## BRIEF
Without including the images, transcribe each record precisely as it appears below.

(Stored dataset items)
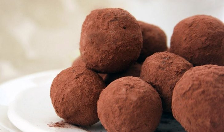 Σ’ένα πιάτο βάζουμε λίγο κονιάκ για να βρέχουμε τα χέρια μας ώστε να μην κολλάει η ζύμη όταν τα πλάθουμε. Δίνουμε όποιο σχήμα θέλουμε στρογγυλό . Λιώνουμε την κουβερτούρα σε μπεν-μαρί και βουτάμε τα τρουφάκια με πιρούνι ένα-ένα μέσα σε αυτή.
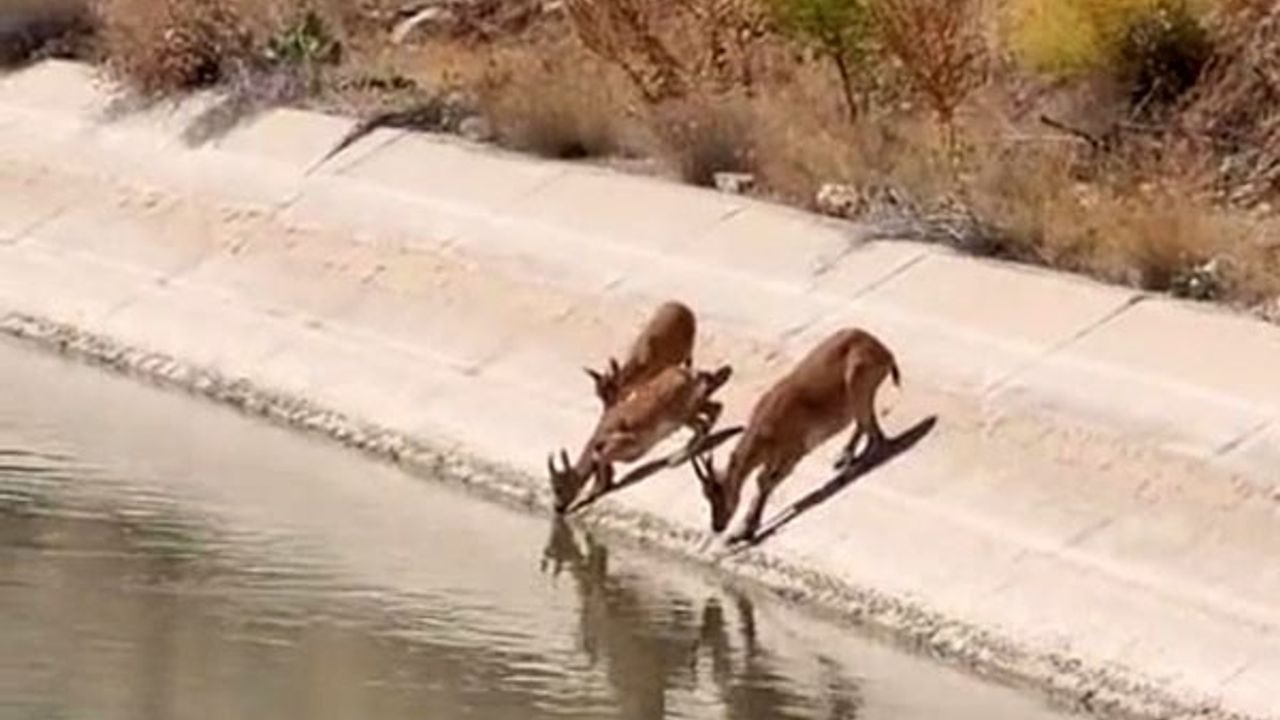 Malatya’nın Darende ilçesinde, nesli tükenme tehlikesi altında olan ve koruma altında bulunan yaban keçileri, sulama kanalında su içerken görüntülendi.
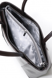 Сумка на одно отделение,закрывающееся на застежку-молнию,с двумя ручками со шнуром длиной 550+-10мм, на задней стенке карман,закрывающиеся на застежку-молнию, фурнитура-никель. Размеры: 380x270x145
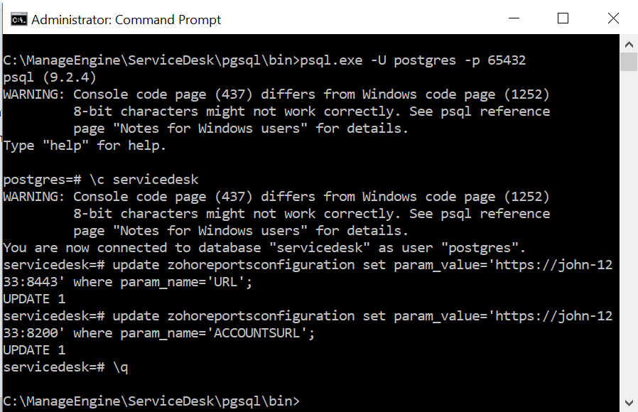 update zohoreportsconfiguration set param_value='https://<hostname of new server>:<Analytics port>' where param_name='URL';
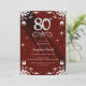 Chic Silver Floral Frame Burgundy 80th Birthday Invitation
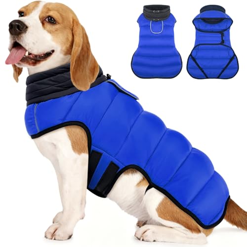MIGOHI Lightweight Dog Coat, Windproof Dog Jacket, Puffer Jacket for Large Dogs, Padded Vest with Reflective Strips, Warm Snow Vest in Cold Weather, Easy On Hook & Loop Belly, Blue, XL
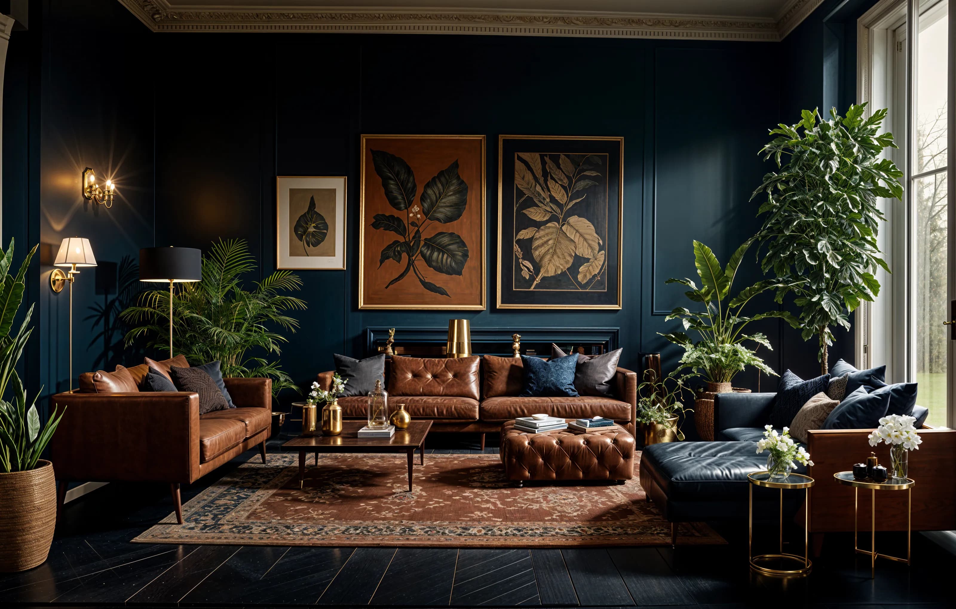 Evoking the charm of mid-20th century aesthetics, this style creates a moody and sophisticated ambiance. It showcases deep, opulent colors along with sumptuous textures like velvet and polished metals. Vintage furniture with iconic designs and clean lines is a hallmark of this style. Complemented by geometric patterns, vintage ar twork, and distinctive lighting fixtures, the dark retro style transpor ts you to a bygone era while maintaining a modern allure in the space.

## RESULT BELOW
 Σ’ένα πιάτο βάζουμε λίγο κονιάκ για να βρέχουμε τα χέρια μας ώστε να μην κολλάει η ζύμη όταν τα πλάθουμε. Δίνουμε όποιο σχήμα θέλουμε στρογγυλό . Λιώνουμε την κουβερτούρα σε μπεν-μαρί και βουτάμε τα τρουφάκια με πιρούνι ένα-ένα μέσα σε αυτή.
 Malatya’nın Darende ilçesinde, nesli tükenme tehlikesi altında olan ve koruma altında bulunan yaban keçileri, sulama kanalında su içerken görüntülendi.
 Сумка на одно отделение,закрывающееся на застежку-молнию,с двумя ручками со шнуром длиной 550+-10мм, на задней стенке карман,закрывающиеся на застежку-молнию, фурнитура-никель. Размеры: 380x270x145
 update zohoreportsconfiguration set param_value='https://<hostname of new server>:<Analytics port>' where param_name='URL';
 Chic Silver Floral Frame Burgundy 80th Birthday Invitation
MIGOHI Lightweight Dog Coat, Windproof Dog Jacket, Puffer Jacket for Large Dogs, Padded Vest with Reflective Strips, Warm Snow Vest in Cold Weather, Easy On Hook & Loop Belly, Blue, XL
 Evoking the charm of mid-20th century aesthetics, this style creates a moody and sophisticated ambiance. It showcases deep, opulent colors along with sumptuous textures like velvet and polished metals. Vintage furniture with iconic designs and clean lines is a hallmark of this style. Complemented by geometric patterns, vintage ar twork, and distinctive lighting fixtures, the dark retro style transpor ts you to a bygone era while maintaining a modern allure in the space.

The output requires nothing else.